O Corinthians de Mano, de cinco meses atrás, tinha valor de uso – funcionava, e só. O Corinthians de Tite tem lampejos de time melhor do que o de 2012, ano da Libertadores e do Mundial. Vendo os quatro duelos alvinegros na Libertadores deste ano, não pude evitar a impressão de que talvez esse Corinthians aproveite a oportunidade desperdiçada por outros grandes esquadrões da América, como o Flamengo de 1981, e volte ao topo depois de um hiato, com elementos de uma mesma geração. Interessa-me à vera, entretanto, outra coisa: campeão ou não, sorte ou azar, o grupo na mão de Tite já joga um futebol em sintonia com o que se vê nas melhores ligas internacionais.

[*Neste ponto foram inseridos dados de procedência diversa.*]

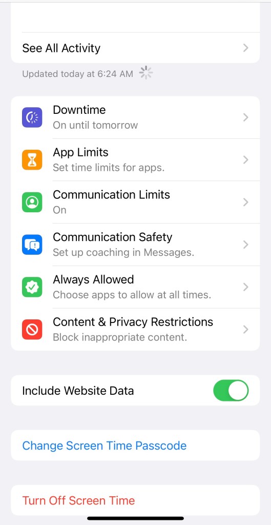 I do think the Downtime feature has lots of room for improvement. I wish it had options to set multiple schedules (currently can only set one recurring schedule, like for overnight use). For our purposes, we’ll have to do a lot of manual turning it on and off. (Apple, if you’re reading this, take note. 😂 What’s that? Apple people don’t read this blog?? Oh, fine then. 😜)

Testei essa ideia no Twitter um pouco depois da vitória corintiana sobre o Danubio, do Uruguai. Provoquei com a conjectura: este Corinthians brigaria por vaga na Champions League em qualquer liga do Big 5 na Europa (Inglaterra, Espanha, Alemanha, França e Itália). Ao lançar essa, pensava em Tottenham, Sevilla, Bayer Leverkusen, Saint-Étienne e Lazio. Quem quis leu "Corinthians = Bayern de Munique" ou "Corinthians = Campeão da Libertadores" – pura maldade, quem mandou cair na selva? Tite faz seu time jogar à altura do que exige o futebol global, e isso me basta para exaltar o trabalho dele.

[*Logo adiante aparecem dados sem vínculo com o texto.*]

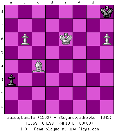 Last move : 1-0 2008 September 18 15:55:16 [Event "FICGS__CHESS__RAPID_D__000007"] [Site "FICGS"] [Date "2008.06.23"] [Round "1"] [White "Zaleb,Danilo"] [Black "Stoyanov,Zdravko"] [Result "1-0"] [WhiteElo "1500"] [BlackElo "1343"] 1.e4 e6 2.Nf3 b6 3.Bc4 Bb7 4.O-O Nf6 5.Nc3 Bb4 6.Ne2 Nxe4 7.c3 Bc5 8.d4 Be7 9.Re1 Nd6 10.Bb3 Bxf3 11.Qd2 Ne4 12.Qe3 Bxe2 13.Qxe4 Nc6 14.Qxe2 O-O 15.Qg4 Re8 16.Bh6 g6 17.d5 exd5 18.Bxd5 Bf6 19.Red1 Qe7 20.h3 Qe2 21.Qxd7 Ne5 22.Qa4 Rad8 23.Re1 Qxb2 24.c4 a5 25.Bc6 Re6 26.Bd5 Red6 27.f4 Qd4+ 28.Kh1 c6 29.fxe5 Bxe5 30.Rad1 Qc3 31.Bf3 Rxd1 32.Rxd1 Rxd1+ 33.Qxd1 Qd4 34.Qxd4 Bxd4 35.Bxc6 Bg7 36.Bxg7 Kxg7 37.a4 Kf6 38.Bd5 Kg7 39.Kh2 f5 40.Kg3 Kf6 41.Kf4 g5+ 42.Kf3 h6 43.g3 Ke5 44.Bf7 Kf6 45.Bh5 Ke5 46.Be8 Kd4 47.Bb5 Ke5 48.Ke3 f4+ 49.gxf4+ gxf4+ 50.Kf3 Kf5 51.h4 Ke5 52.Bd7 Kd4 53.Kxf4 Kxc4 54.Kf5 Kd5 55.Kg6 Kd6 56.Bb5 Ke7 57.Kxh6 Kf6 58.h5 Kf7 59.Kg5 Kg7 60.h6+ Kh7 61.Bd3+ Kg8 62.Kf6 Kh8 63.Ke6 b5 64.axb5 a4 65.Bc4 a3 66.b6 1-0 French defense Kingside Castling by player White (move 4) Kingside Castling by player Black (move 14) 10 pieces endgame at move 49 : White KBPPP , Black KPPPP WHITE : King + 1 Bishop 3 Pawns BLACK : King + 4 Pawns 9 pieces endgame at move 53 : White KBPPP , Black KPPP WHITE : King + 1 Bishop 3 Pawns BLACK : King + 3 Pawns 8 pieces endgame at move 53 : White KBPP , Black KPPP WHITE : King + 1 Bishop 2 Pawns BLACK : King + 3 Pawns 7 pieces endgame at move 57 : White KBPP , Black KPP WHITE : King + 1 Bishop 2 Pawns BLACK : King + 2 Pawns 6 pieces endgame at move 64 : White KBPP , Black KP WHITE : King + 1 Bishop 2 Pawns BLACK : King + 1 Pawn Player White won this chess game. Follow this game move after move (download)The tactician knows what to do when there is something to do; whereas the strategian knows what to do when there is nothing to do. (Gerald Abrahams) Gewöhnliche Menschen denken nur daran, wie sie ihre Zeit verbringen. Ein intelligenter Mensch versucht, sie auszunutzen. (Arthur Schopenhauer) Todo lo que importa ante el tablero de Ajedrez son buenas jugadas. (Bobby Fischer) Votre seul travail dans les ouvertures est d'obtenir un milieu de partie jouable. (Lajos Portish) The mind is like a parachute, it only functions when its open. (Unknown)

Em entrevista recente ao Globoesporte, o treinador do Corinthians encerrou assim uma resposta sobre a possibilidade de dirigir a seleção brasileira:

Tomara que eu não ouça mais nenhuma vez das pessoas que o importante é vencer. Isso uma criança de três anos sabe. Que fiquem atentas ao processo, à construção, que elas fiquem atentas a tudo que se possa fazer para que possamos vencer.

Essa é a chave. Guardiola, Ancelotti, Mourinho, Klopp, Simeone, Pellegrini, Conte, Sabella e Bielsa são, mais do que vencedores, treinadores de construção. Cada um ergue à sua maneira uma pequena escola, olhando para o outro, investigando o que se passa "lá fora", seja lá qual for o "dentro" da equação. Vejo em Tite o potencial para participar desta troca.

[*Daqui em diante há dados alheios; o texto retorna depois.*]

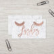 Ein elegantes modernes, stilvolles kundenspezifisches Logo peitscht Geschäftskarte mit eleganter Skriptbeschriftungs-Arttypographie in der Imitat-Rosen-Goldfolie auf einem trendy und eleganten weißen Marmorhintergrund. Addieren Sie Ihre Sozialmedien.

Artigos recentes de Carlos Augusto Ferrari aqui no Globoesporte desvendam um pouco do Corinthians de Tite: “a compactação em relação à bola”, a presença em massa no campo adversário quando necessária, o avanço em pequenos grupos, a versatilidade do "nove", a blitz para forçar o erro do adversário, a capacidade de adaptação rápida aos dados do jogo, intensidade e intensidade, entrega e entrega. Tite é raro. Nem tanto pelos resultados, mas pela disposição de espírito mesmo.

Ainda assim, percebo uma má-vontade com Tite. A bem da verdade, não: por isso mesmo, percebo uma má-vontade com Tite. O treinador que estuda é um estranho no futebol brasileiro, visto com desconfiança. Um entre cinquenta treinadores estuda e se atualiza– e o que nós fazemos? Esperamos ele na curva, com vestes amarelas de sacerdote. No tropeço do homem que estuda, sacrificamos um bode para o Deus do Improviso. Nós, sacerdotes da bola-de-meia, guardiões do fogo sagrado, aguardamos Tite na curva.

Quanta pretensão. Quanta certeza de sermos ilha. Quem leu pelo menos cinco páginas sobre o tema sabe que nosso jeito de jogar, tão mistificado, só se efetivou sob o influxo de ideias de fora. A Escola do Danúbio moldou mais o futebol brasileiro do que a própria bola-de-meia, para ficar por aí. O que fazem Tite (o homem da vez), Marcelo Oliveira e uns gatos-pingados é apenas resguardar uma boa e negligenciada “tradição” do futebol brasileiro, a de conversar com o mundo.

(O culto ao Deus do Improviso pretende-se "contracorrente" no futebol brasileiro. Se já foi um dia, não é mais. É o mainstream, a meiúca e o centrão capazes de irmanar escritores e publicitários numa espécie de Teleton místico/romântico. O resto trabalha à margem.)